In FIG. 2, recovery of hydrocarbons from multiple wells utilizing the well tender system 10 of the present disclosure is more clearly shown. As can be seen, the flow line risers 38 and export riser 40 extend radially from the well tender system 10 to the wells 37 or to nearby gas or liquids pipeline(s). The wells can be drilled further apart or closer together, depending on requirements. The barge 39 is maneuvered in position within the watch circle 41 by a tug boat 43 and thruster(s) installed on the barge. The watch circle 41 establishes the limits of the safe zone about the surface buoy 24. Well fluids are off-loaded to a cargo barge or other facility through an off-loading riser 44 which extends from the top side module 34 to the remote buoy 46. The barge is positioned at about 90° to the off-loading riser 44 and surface buoy 24 to facilitate off-loading of the hydrocarbons and minimize the risk for spillage.

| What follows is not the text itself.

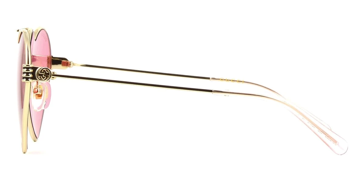 This cat eye Gucci sunglass comes in a shiny gold frame with red lenses.
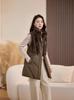 Colete Elegante de Algodão Plush com Emendas de Comprimento Médio e Ajuste Slim para Mulheres, Colete de Algodão da Moda

Produced gas which is not flared through the vent 36 may be exported via a pipeline connected to a gas export riser.

Referring now to FIG. 3, two tanks 50 and 52 are tethered together with tendons 54 arranged about the periphery of the tanks 50 and 52. The tanks forming the vertically aligned series of tanks 12 shown in FIG. 1 are tethered together in the manner shown in FIG. 3. The tank string 12 is assembled on shore and towed to the off shore installation site. The fabricated tanks, such as tanks 50 and 52, are transported via trucks, rails, or barge to the onshore assembly site for installation of the tendon sections 54. Guides 56 are mounted to the tanks 50 and 52 by welding or the like. The guides 56 support the tendon sections 54 along the length of the tanks 50 and 52. The guides 56, as shown in FIGS. 3 and 4, comprise four sets of pairs of guides 56 which are spaced and aligned along the length of each tank 50 and 52 so that the tendon sections 54 are substantially equally spaced about the periphery of the tanks 50 and 52. In the preferred embodiment, each tank is provided with four tendon sections 54, that being the preferred number for the sake of symmetry, insuring that tensional loads on individual tendons are maintained at reasonable levels. It is understood however that fewer or greater number of tendons may be incorporated in the design of the well tender system 10. At least two tendons are required to avoid twisting. There is no upward limit on the number of tendons which may be utilized. However, if too many tendons are utilized, interference may become a problem. Eight tendons is considered a reasonable upper limit, avoiding the problem of interference yet reducing the tension load on each tendons to a level within the limit of many materials for fabricating the tendons.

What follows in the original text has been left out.